▸ **Action item**: Given the entries below, would you transcribe exactly the lines starting at the one with "- 🐶WATERPROOF &" and ending at the one with "牙槽骨吸收是指包围和支持牙根", both kept, pictures omitted, nothing extra?

▸ **Data supplied**:
::::
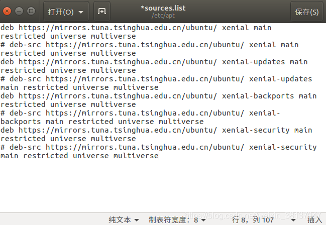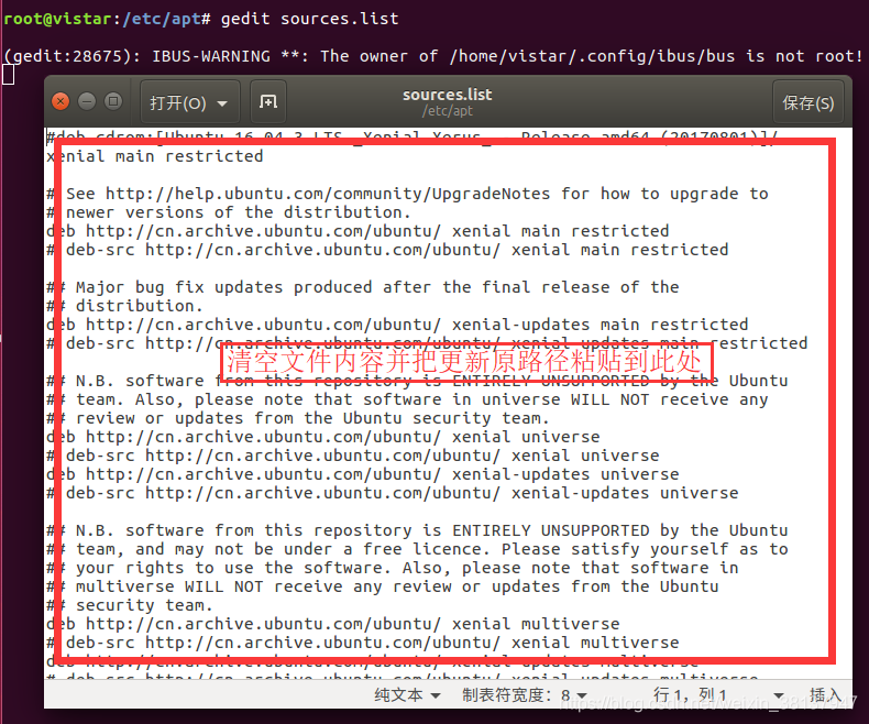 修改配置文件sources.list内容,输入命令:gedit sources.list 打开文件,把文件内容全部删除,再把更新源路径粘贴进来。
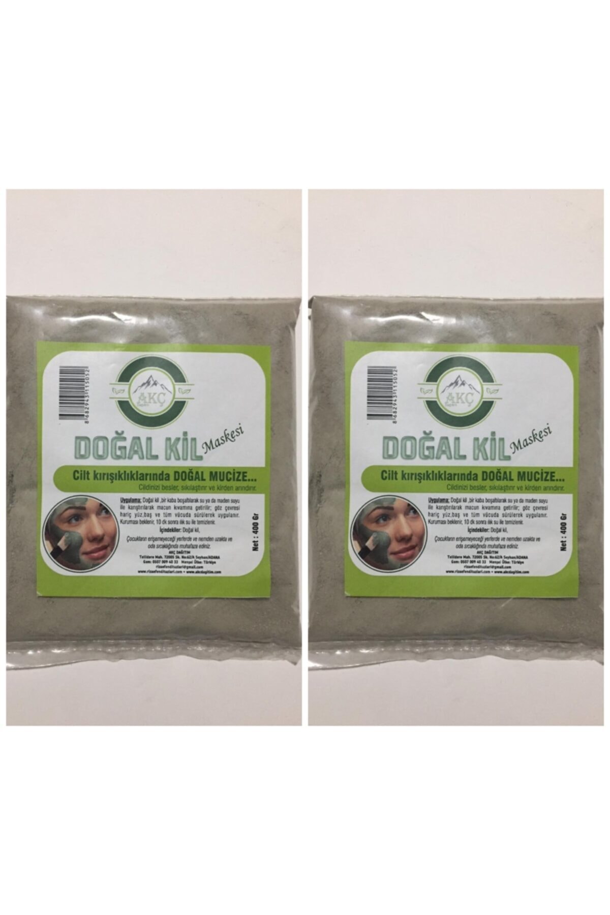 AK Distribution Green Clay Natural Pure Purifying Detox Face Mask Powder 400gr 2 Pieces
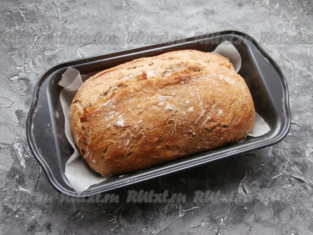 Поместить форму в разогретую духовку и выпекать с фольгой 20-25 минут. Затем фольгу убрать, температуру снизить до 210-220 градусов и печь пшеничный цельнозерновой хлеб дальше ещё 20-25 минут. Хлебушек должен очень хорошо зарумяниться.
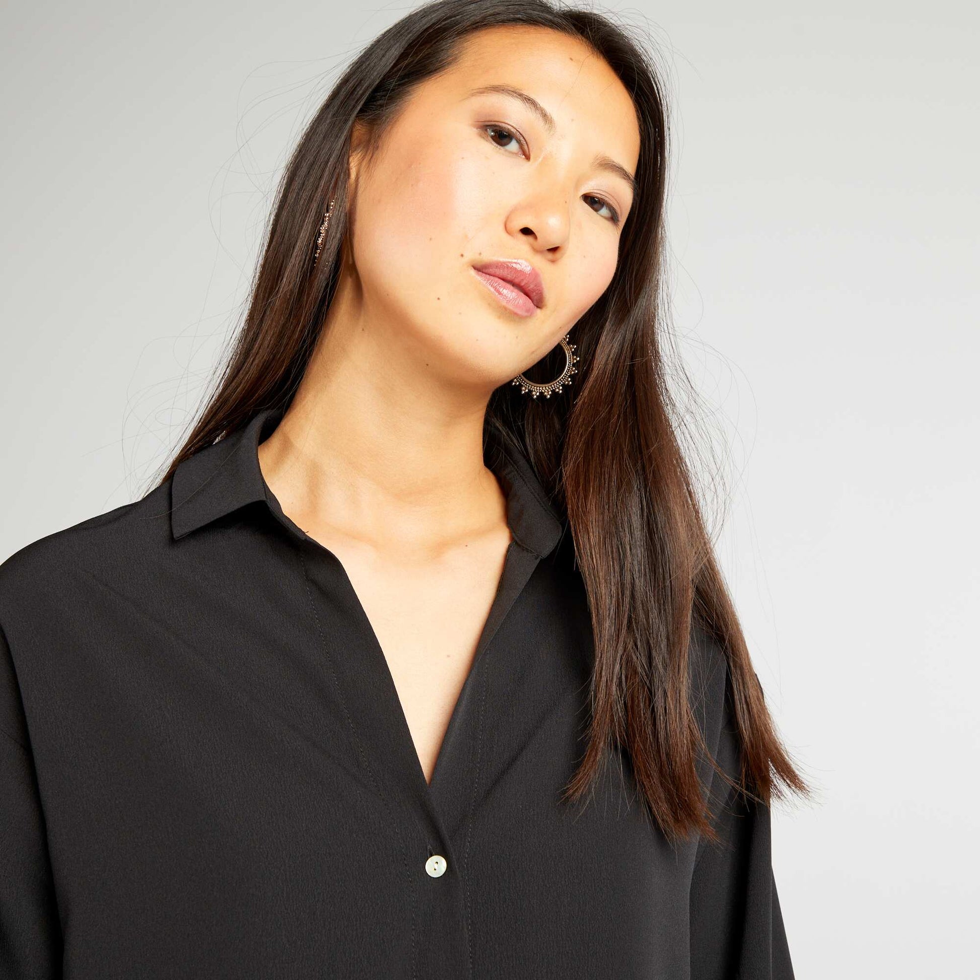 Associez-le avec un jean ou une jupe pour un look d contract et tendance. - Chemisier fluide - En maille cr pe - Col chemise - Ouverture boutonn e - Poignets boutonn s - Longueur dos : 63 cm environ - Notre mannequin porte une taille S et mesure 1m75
::::
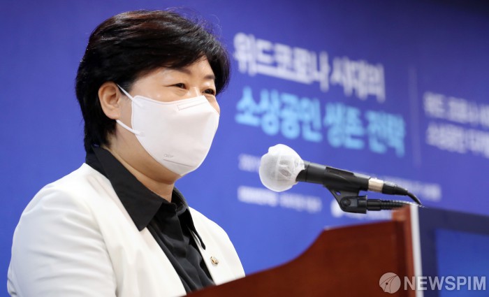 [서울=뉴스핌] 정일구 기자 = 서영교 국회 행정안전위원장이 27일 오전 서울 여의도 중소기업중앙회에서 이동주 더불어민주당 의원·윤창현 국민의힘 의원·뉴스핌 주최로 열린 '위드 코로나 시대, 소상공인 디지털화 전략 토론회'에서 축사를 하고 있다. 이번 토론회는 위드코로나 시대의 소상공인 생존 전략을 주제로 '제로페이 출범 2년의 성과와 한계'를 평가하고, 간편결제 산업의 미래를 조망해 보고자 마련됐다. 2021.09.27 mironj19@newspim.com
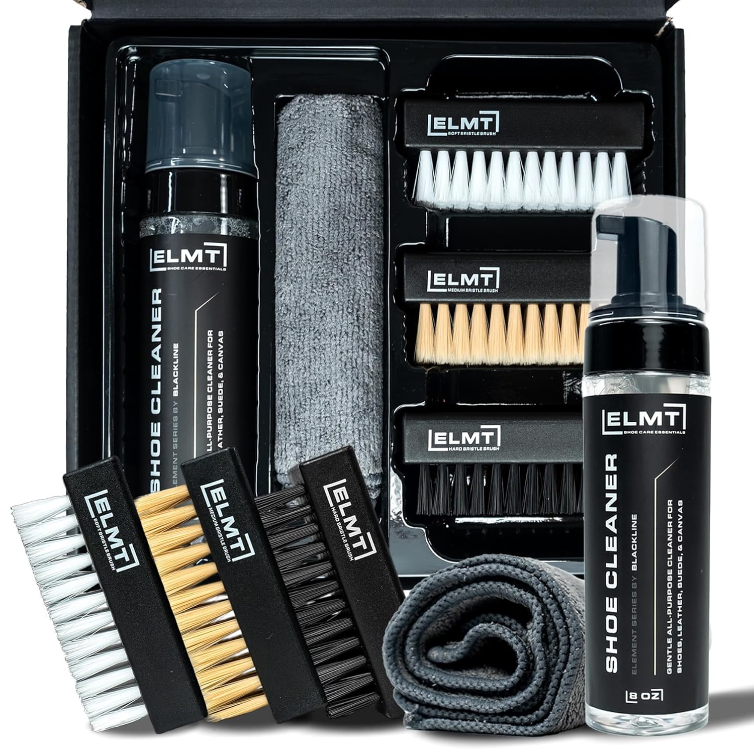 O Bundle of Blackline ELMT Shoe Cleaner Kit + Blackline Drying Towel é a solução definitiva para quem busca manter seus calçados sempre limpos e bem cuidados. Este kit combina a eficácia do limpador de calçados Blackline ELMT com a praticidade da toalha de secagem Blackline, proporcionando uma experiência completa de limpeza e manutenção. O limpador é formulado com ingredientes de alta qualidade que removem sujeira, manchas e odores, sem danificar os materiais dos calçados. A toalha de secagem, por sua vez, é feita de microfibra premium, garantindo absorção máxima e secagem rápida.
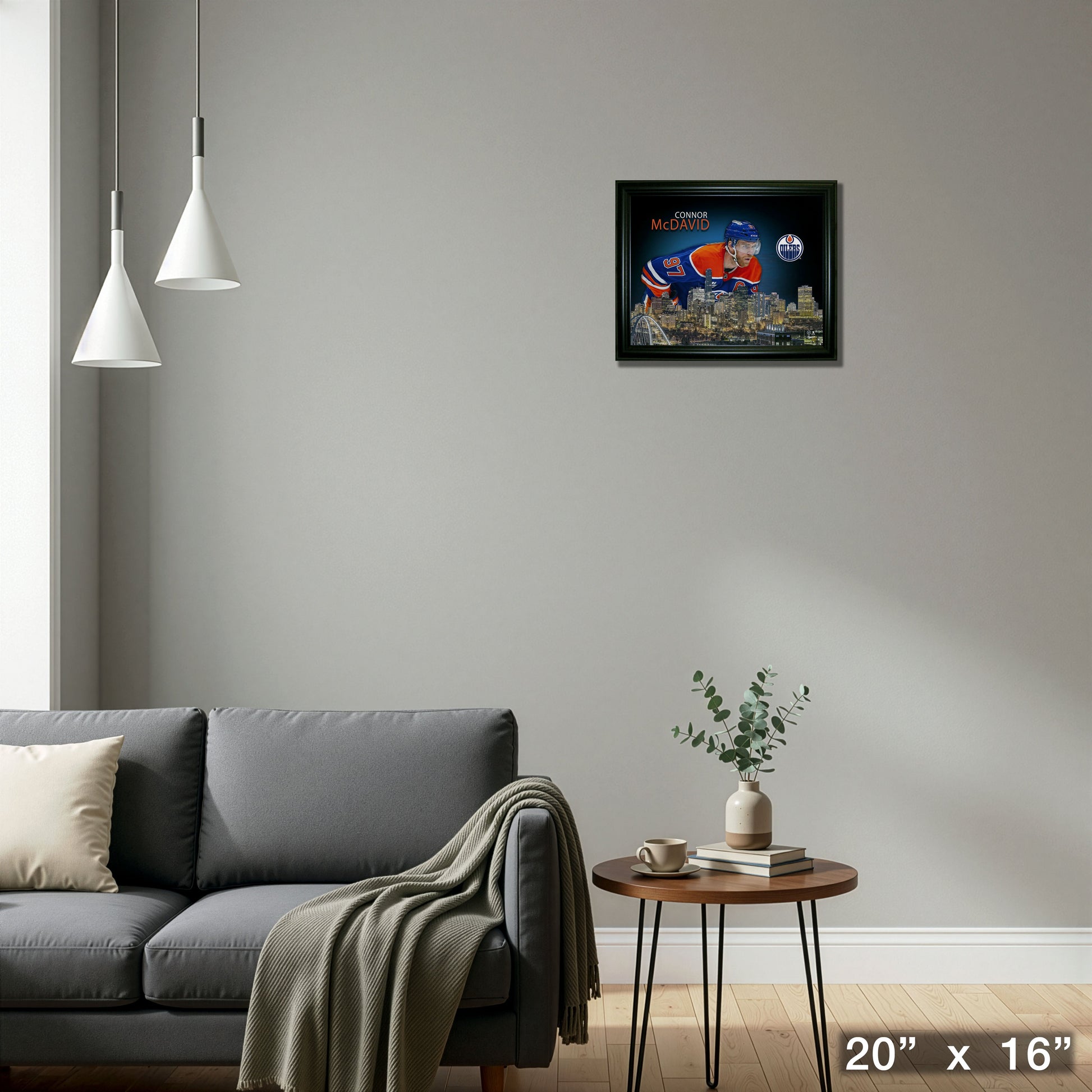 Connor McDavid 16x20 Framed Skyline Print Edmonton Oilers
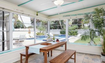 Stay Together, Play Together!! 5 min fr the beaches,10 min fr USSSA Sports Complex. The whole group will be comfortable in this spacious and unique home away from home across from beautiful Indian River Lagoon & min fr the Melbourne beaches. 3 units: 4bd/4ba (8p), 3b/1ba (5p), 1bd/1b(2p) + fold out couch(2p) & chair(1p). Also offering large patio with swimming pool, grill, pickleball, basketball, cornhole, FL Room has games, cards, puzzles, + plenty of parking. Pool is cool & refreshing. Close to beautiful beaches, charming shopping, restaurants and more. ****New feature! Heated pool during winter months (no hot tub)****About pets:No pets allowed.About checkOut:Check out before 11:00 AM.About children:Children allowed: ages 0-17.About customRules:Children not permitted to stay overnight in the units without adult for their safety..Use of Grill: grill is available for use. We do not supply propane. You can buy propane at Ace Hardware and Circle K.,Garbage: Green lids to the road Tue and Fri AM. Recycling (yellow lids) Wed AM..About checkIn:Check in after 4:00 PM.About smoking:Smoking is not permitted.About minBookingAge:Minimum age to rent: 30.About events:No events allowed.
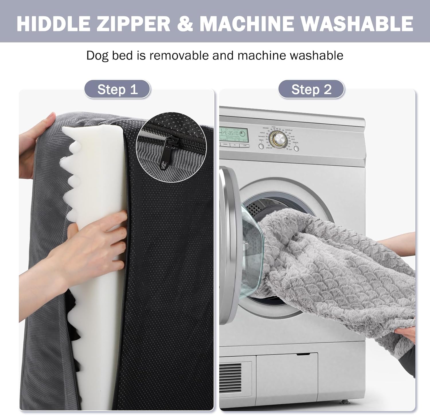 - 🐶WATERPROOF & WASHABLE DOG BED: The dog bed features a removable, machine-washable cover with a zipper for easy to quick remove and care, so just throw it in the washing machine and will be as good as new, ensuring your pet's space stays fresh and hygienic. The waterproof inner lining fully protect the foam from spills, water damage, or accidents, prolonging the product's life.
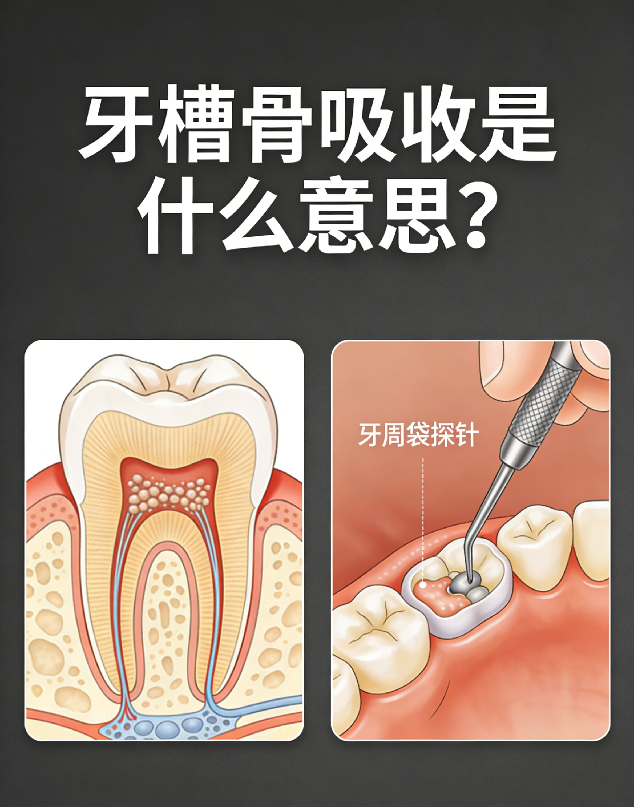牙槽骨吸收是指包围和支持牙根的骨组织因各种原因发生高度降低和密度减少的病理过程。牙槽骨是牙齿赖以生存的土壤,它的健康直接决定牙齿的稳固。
::::
▸ **Solution for this exercise**:
 - 🐶WATERPROOF & WASHABLE DOG BED: The dog bed features a removable, machine-washable cover with a zipper for easy to quick remove and care, so just throw it in the washing machine and will be as good as new, ensuring your pet's space stays fresh and hygienic. The waterproof inner lining fully protect the foam from spills, water damage, or accidents, prolonging the product's life.
牙槽骨吸收是指包围和支持牙根的骨组织因各种原因发生高度降低和密度减少的病理过程。牙槽骨是牙齿赖以生存的土壤,它的健康直接决定牙齿的稳固。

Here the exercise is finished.